Pero está. Amplio y vacío. Y pegado al salón, la pequeña iglesia de Santa Ágata, particular de los condes de Barcelona, construida a principios del siglo XIV. Allí fueron bautizados los primeros 6 nativos del nuevo continente que Colón trajo a Europa. La policromía y dorados del impresionante retablo de 6 metros de altura cautiva con sus escenas de santos y de reinas (como correspondía a una capilla real). El techo abovedado muestra incontables franjas en madera policroma azul, verde inglés, bordó, maíz, negro, dorado, con estrellas de 8 picos y guardas moriscas. Y luego, el Patio del Rey, al ladito, famoso, el de los conciertos de verano, las exposiciones, el murmullo interminable de la gente encontrándose.

A la grandiosidad del mar

A todos une, además, la grandiosidad del mar. El Mediterráneo.
Por la noche, ese Mediterráneo trae hasta la playa su rumor de olas golpeando suaves y rítmicas contra la arena.
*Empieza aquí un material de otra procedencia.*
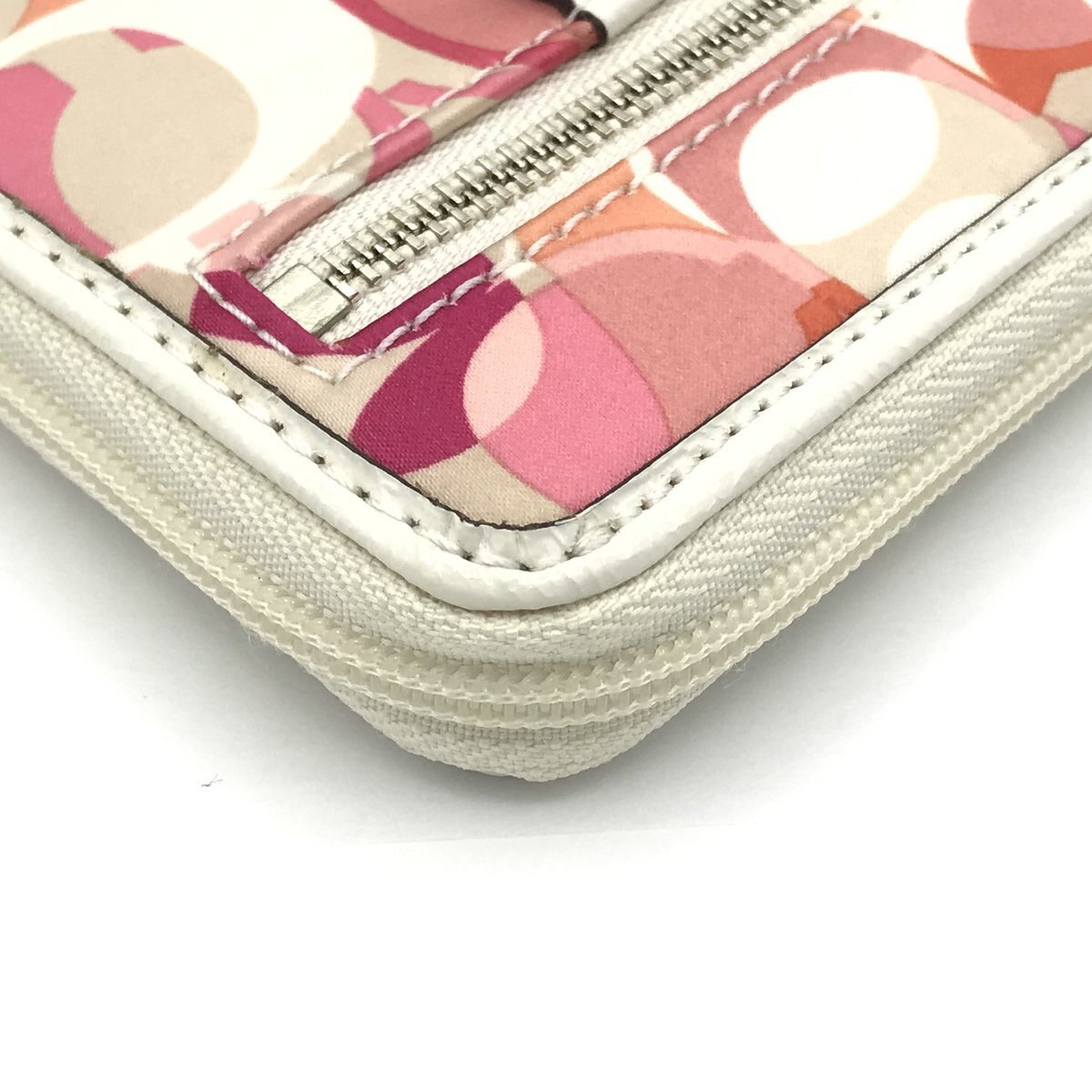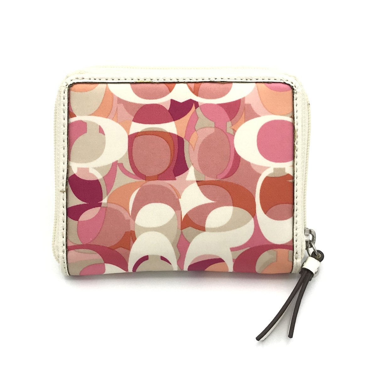 □323437 COACH コーチ ラウンドファスナー財布 シグネチャー サテン エナメル レディース ピンク モノグラム

La cadencia interminable del agua que llega sin prisa y rompe sobre la pendiente apenas insinuada; “… el mar, el mar y no pensar en nada”, diría Manuel Machado.
Esta vez, el mar fue testigo. La rambla de Barcelona conoció su cara, escuchó los gritos, recibió los cuerpos, contuvo a los heridos, se dejó pisotear por las corridas desesperadas de madres, niños, jóvenes, hombres, abuelos, policías. El horror del odio.
Y ocurrió lo que cantaba el Nano. O tal vez era Tarrés. Para 14, al menos, ocurrió. Aunque no fue una fiesta: “a mí enterradme sin duelo / entre la playa y el cielo. / Cerca del mar, porque yo / nací en el Mediterráneo”.